WORK INSTRUCTION -> Return only the lines of the data below from the line with "和牛鱼子酱海苔可颂,这搭配简" up to and including the line with "Wyszłam z niemocy", exactly as written, with the pictures omitted.

ENTRIES SUPPLIED ->
# # #

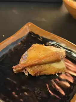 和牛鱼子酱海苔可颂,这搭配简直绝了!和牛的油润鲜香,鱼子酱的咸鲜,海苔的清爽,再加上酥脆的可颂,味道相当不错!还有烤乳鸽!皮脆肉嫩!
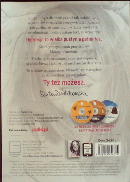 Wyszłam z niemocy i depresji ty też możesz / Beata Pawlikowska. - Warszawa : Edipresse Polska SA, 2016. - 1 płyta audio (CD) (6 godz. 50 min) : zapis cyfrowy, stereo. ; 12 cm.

# # #

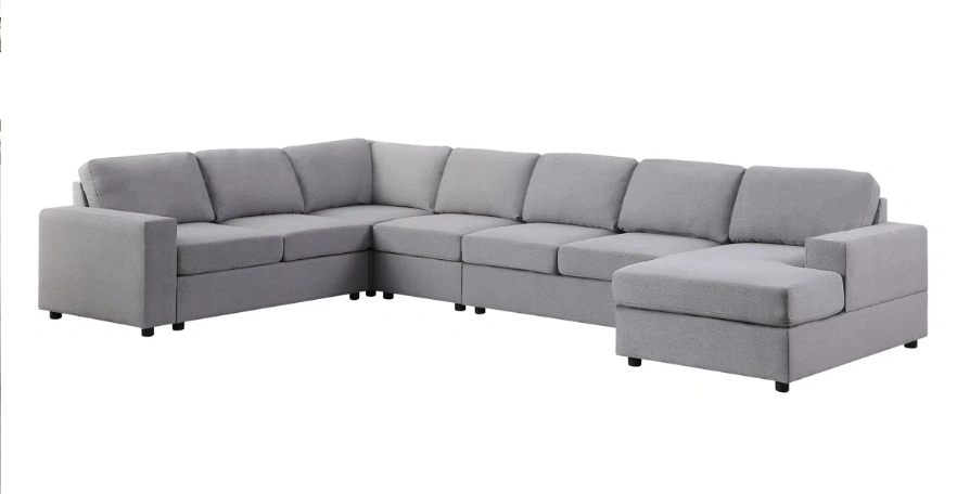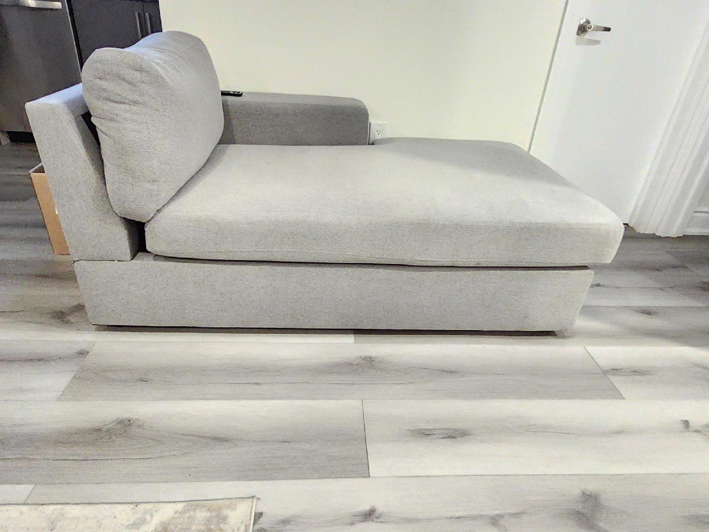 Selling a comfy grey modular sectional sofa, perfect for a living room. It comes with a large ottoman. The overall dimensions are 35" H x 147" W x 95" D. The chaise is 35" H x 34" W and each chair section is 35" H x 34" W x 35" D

# # #

ANSWER TO THE PROBLEM ->
 和牛鱼子酱海苔可颂,这搭配简直绝了!和牛的油润鲜香,鱼子酱的咸鲜,海苔的清爽,再加上酥脆的可颂,味道相当不错!还有烤乳鸽!皮脆肉嫩!
 Wyszłam z niemocy i depresji ty też możesz / Beata Pawlikowska. - Warszawa : Edipresse Polska SA, 2016. - 1 płyta audio (CD) (6 godz. 50 min) : zapis cyfrowy, stereo. ; 12 cm.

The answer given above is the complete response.